What carries the argument
The per-layer AllGather operation in Fully Sharded Data Parallelism that shards only weight matrices while leaving relaxation coefficients on each device.
If this is right
- FSDP integrates directly with complete verification using beta-CROWN plus branch-and-bound.
- BoundConv convolutional layers remain compatible under the FSDP sharding scheme.
- Tensor parallelism at two GPUs yields approximately 2x peak-memory reduction on MNIST-FC benchmarks.
- Per-neuron alpha tensors become the dominant memory consumer once weights are sharded.
Where Pith is reading between the lines
- Sharding the alpha tensors themselves would be the next logical step to remove the new bottleneck.
- The same FSDP pattern could be applied to other bound-propagation libraries without altering their core relaxation logic.
- Tensor parallelism tightness loss might be mitigated by keeping more intermediate bounds on every device rather than forcing IBP.
Load-bearing premise
The sharding and AllGather steps preserve exact numerical values and overall soundness of bound propagation without introducing drift.
What would settle it
Run the identical verification query once on a single GPU and once under FSDP on multiple GPUs; any bound that differs beyond floating-point error falsifies the claim of bitwise identity.

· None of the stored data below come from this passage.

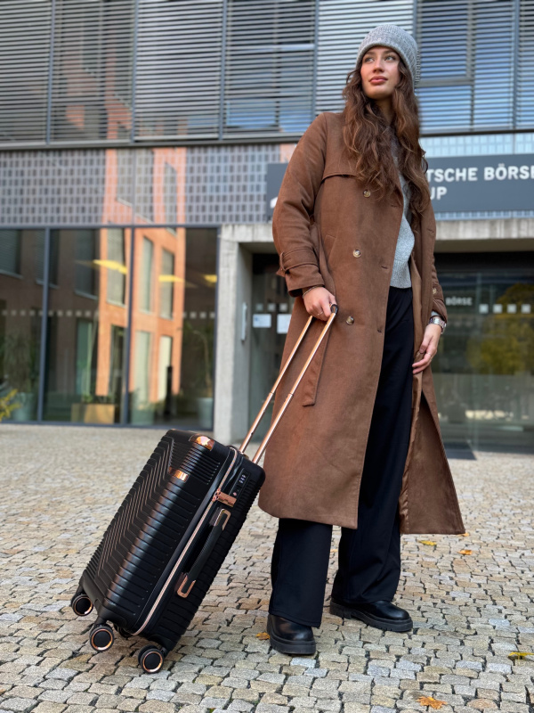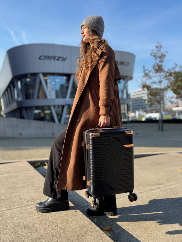 Elegantní kabinový dámský kufr T-class® 218 🖤 je ideálním společníkem pro cestovatele, kteří chtějí kombinovat vkus, odolnost a pohodlí. Rozměrově odpovídá většině leteckých společností pro palubní zavazadla, takže jej můžete vzít přímo na palubu letadla. Vhodný na krátké dovolené, služební cesty i prodloužené víkendové výlety.
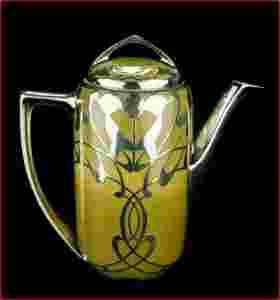 Uchwyty i wylew dzbana w całości okute srebrem. Porcelana i srebrna koronka w stanie idealnym.
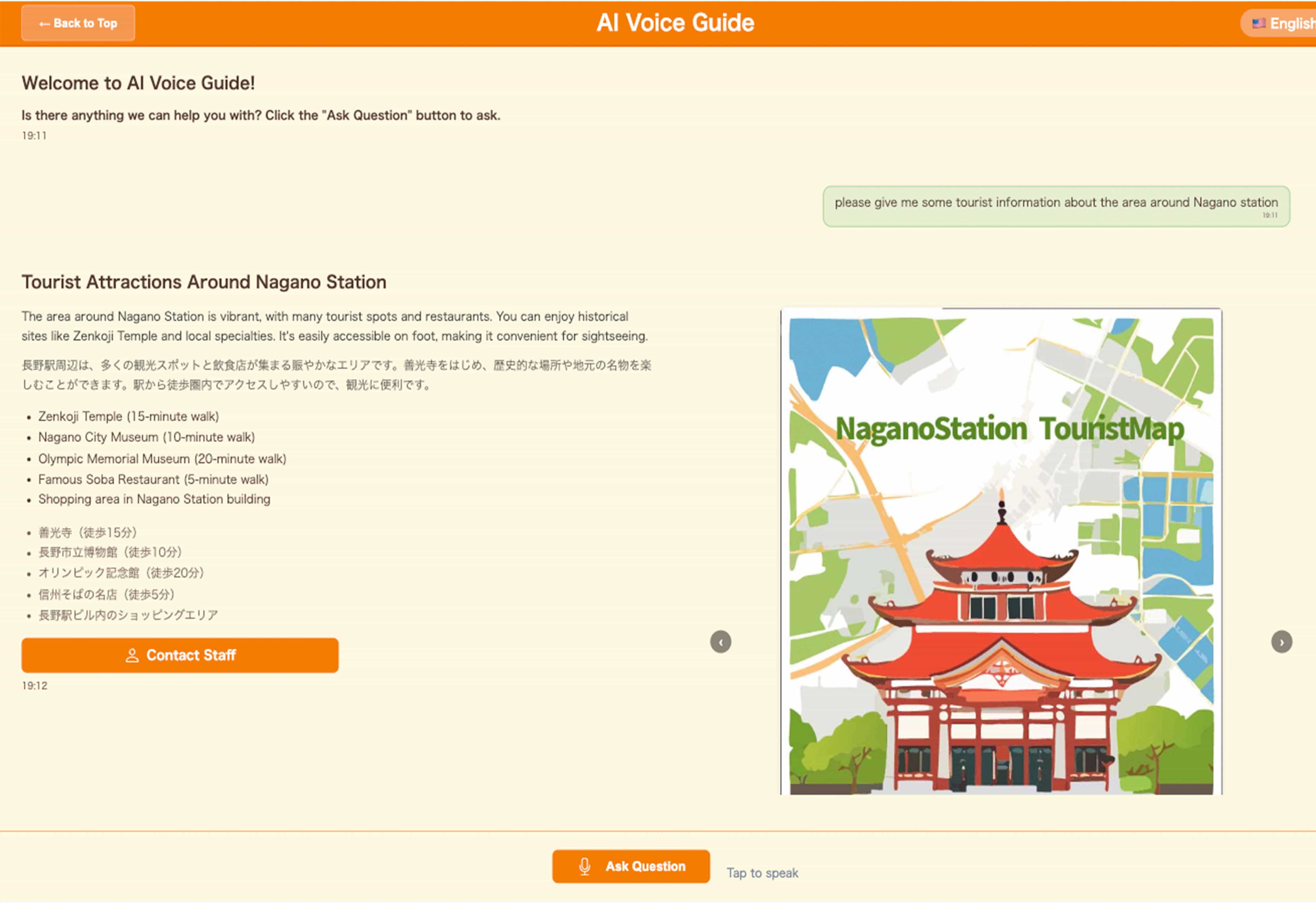 本システムは、Webブラウザ上で動作するAI音声案内システムです。 利用者が話しかけた内容をAIが理解し、関連する情報を文字と画像で画面に表示します。 また、音声認識・翻訳・音声合成を組み合わせることで、日本語と英語の双方向コミュニケーションを可能にしています。

read the original abstract
Formal neural network verification -- proving that a network satisfies safety properties for *all* inputs in a specified domain -- is bounded in practice by GPU memory: standard implementations of bound-propagation algorithms (IBP, CROWN, $\alpha$-CROWN) require weight and relaxation-coefficient matrices to reside entirely on one accelerator. We adapt two parallelism techniques originally developed for large-scale model training to the auto_LiRPA / $\alpha,\beta$-CROWN verification framework. Tensor Parallelism (TP) shards both weight and $A$-matrices across GPUs, achieving ${\approx}2\times$ peak-memory reduction at $P{=}2$; soundness is confirmed on VNN-COMP 2022 MNIST-FC benchmarks, though bound tightness degrades with the number of sharded zones due to forced IBP substitution for intermediate bounds inside sharded zones. Fully Sharded Data Parallelism (FSDP) shards only weight matrices with a per-layer AllGather, producing bounds that are bitwise identical to the single-GPU baseline: baseline memory drops by 80--90%, peak memory by 34--39% on wide MLPs. FSDP integrates cleanly with complete verification ($\beta$-CROWN + Branch-and-Bound) and with convolutional layers (BoundConv); a complete unsat result is obtained for CIFAR-100 ResNet-large (VNN-COMP 2024) under FSDP. Across all experiments the memory bottleneck in $\alpha$-CROWN+BaB mode proves to be per-neuron alpha tensors, not weight matrices, pointing to the key direction for future work.
Editorial analysis
A structured set of objections, weighed in public.
Referee Report
Summary. The paper adapts Tensor Parallelism (TP) and Fully Sharded Data Parallelism (FSDP) from training to the auto_LiRPA / α,β-CROWN verification framework. TP shards both weights and A-matrices for ≈2× peak-memory reduction at P=2, with soundness confirmed on VNN-COMP 2022 MNIST-FC benchmarks but with bound tightness degrading due to forced IBP substitutions in sharded zones. FSDP shards only weights via per-layer AllGather, claims bitwise-identical bounds to the single-GPU baseline, reports 80–90% baseline and 34–39% peak memory reductions on wide MLPs, integrates with β-CROWN + Branch-and-Bound and BoundConv, and obtains a complete unsat result on CIFAR-100 ResNet-large (VNN-COMP 2024). The work identifies per-neuron alpha tensors as the remaining memory bottleneck.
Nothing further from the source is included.